**Requirement**
Given the material below, output exactly the lines from the line with "The master suite" to the line with "Diagnosis of coronavirus.", both ends included, and no other lines.

**Data provided**

[Start of section]

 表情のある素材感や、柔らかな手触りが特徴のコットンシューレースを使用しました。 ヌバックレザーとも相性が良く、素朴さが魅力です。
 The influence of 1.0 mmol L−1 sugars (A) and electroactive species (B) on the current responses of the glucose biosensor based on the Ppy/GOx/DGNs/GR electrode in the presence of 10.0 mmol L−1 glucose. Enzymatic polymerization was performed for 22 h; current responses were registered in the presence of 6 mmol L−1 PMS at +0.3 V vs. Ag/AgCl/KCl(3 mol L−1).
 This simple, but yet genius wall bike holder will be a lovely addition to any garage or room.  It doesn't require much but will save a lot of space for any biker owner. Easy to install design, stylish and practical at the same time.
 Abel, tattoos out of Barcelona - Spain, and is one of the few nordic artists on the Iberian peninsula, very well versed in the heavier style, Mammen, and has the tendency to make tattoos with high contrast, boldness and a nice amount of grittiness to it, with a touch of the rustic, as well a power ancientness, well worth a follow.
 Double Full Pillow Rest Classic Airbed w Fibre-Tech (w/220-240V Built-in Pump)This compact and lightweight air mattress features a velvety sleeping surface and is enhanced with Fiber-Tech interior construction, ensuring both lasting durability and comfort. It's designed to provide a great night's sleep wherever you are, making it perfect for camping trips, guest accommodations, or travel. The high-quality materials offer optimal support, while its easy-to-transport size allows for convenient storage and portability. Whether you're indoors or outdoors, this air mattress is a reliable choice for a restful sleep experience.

[End of section]
[Start of section]

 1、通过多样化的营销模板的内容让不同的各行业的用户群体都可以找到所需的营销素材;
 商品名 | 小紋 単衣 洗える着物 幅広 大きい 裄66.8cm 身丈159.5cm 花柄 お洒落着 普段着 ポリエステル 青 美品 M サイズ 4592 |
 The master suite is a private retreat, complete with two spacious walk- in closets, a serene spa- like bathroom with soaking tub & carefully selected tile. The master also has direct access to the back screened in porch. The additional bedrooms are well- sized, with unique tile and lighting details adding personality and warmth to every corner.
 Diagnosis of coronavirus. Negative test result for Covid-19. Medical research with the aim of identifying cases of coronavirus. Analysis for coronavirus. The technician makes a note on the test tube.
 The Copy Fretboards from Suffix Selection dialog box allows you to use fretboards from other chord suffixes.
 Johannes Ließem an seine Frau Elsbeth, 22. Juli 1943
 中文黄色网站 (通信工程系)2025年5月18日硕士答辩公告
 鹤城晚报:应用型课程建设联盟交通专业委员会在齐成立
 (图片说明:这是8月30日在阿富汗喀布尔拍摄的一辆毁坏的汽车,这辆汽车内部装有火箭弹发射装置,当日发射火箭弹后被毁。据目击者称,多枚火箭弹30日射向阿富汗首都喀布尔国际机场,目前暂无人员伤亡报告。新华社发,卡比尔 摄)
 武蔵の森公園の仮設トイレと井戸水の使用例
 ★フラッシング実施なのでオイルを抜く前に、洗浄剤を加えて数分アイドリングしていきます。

[End of section]

**Answer box**
 The master suite is a private retreat, complete with two spacious walk- in closets, a serene spa- like bathroom with soaking tub & carefully selected tile. The master also has direct access to the back screened in porch. The additional bedrooms are well- sized, with unique tile and lighting details adding personality and warmth to every corner.
 Diagnosis of coronavirus. Negative test result for Covid-19. Medical research with the aim of identifying cases of coronavirus. Analysis for coronavirus. The technician makes a note on the test tube.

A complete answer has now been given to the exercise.